» Dataset content:

⟨

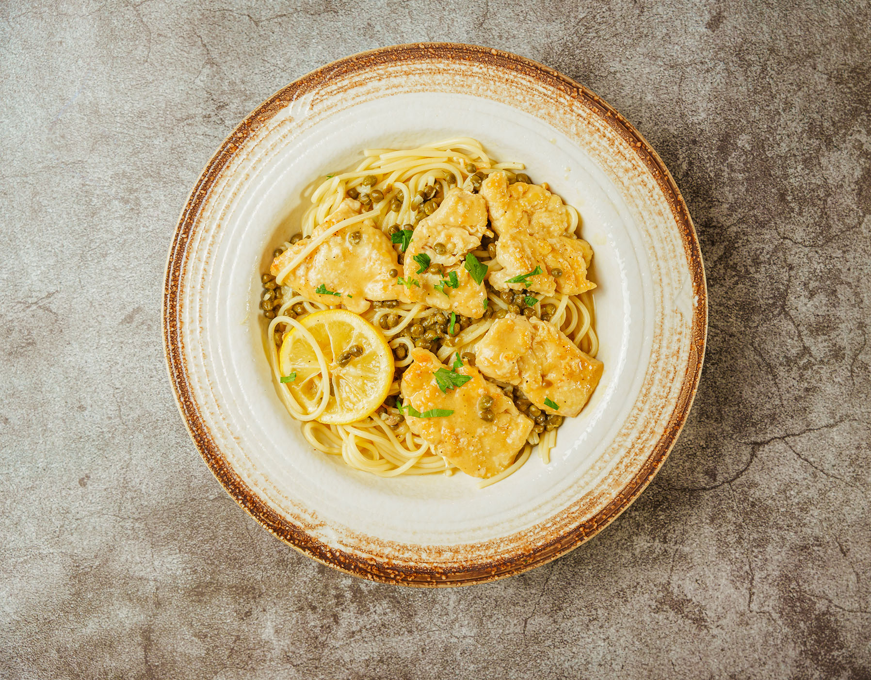 Sautéed chicken medallions with our lemon-butter caper sauce over your choice of pasta
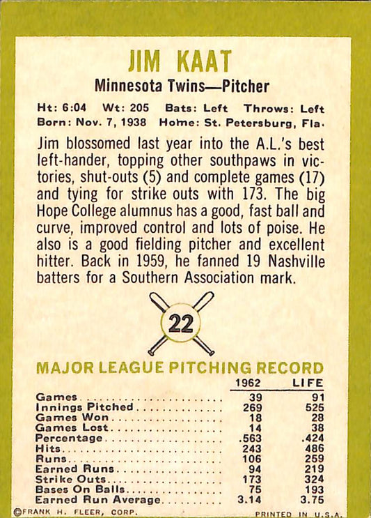1963 Fleer Jim Kaat Vintage Baseball Card #22 - Mint Condition
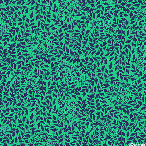 Lurking in the jungle are several small dinosaurs dHidden between the flourishing leaves of this prehistoric blender. Digitally printed, larger dinosaurs are about 1-5/8", 'Find Dino' from the 'Dino Pizza Party' collection by Michael Miller Fabrics.

⟩

» Required work: Reproduce each line above precisely, with no pictures.

» Answer to the exercise:
 Sautéed chicken medallions with our lemon-butter caper sauce over your choice of pasta
1963 Fleer Jim Kaat Vintage Baseball Card #22 - Mint Condition
 Lurking in the jungle are several small dinosaurs dHidden between the flourishing leaves of this prehistoric blender. Digitally printed, larger dinosaurs are about 1-5/8", 'Find Dino' from the 'Dino Pizza Party' collection by Michael Miller Fabrics.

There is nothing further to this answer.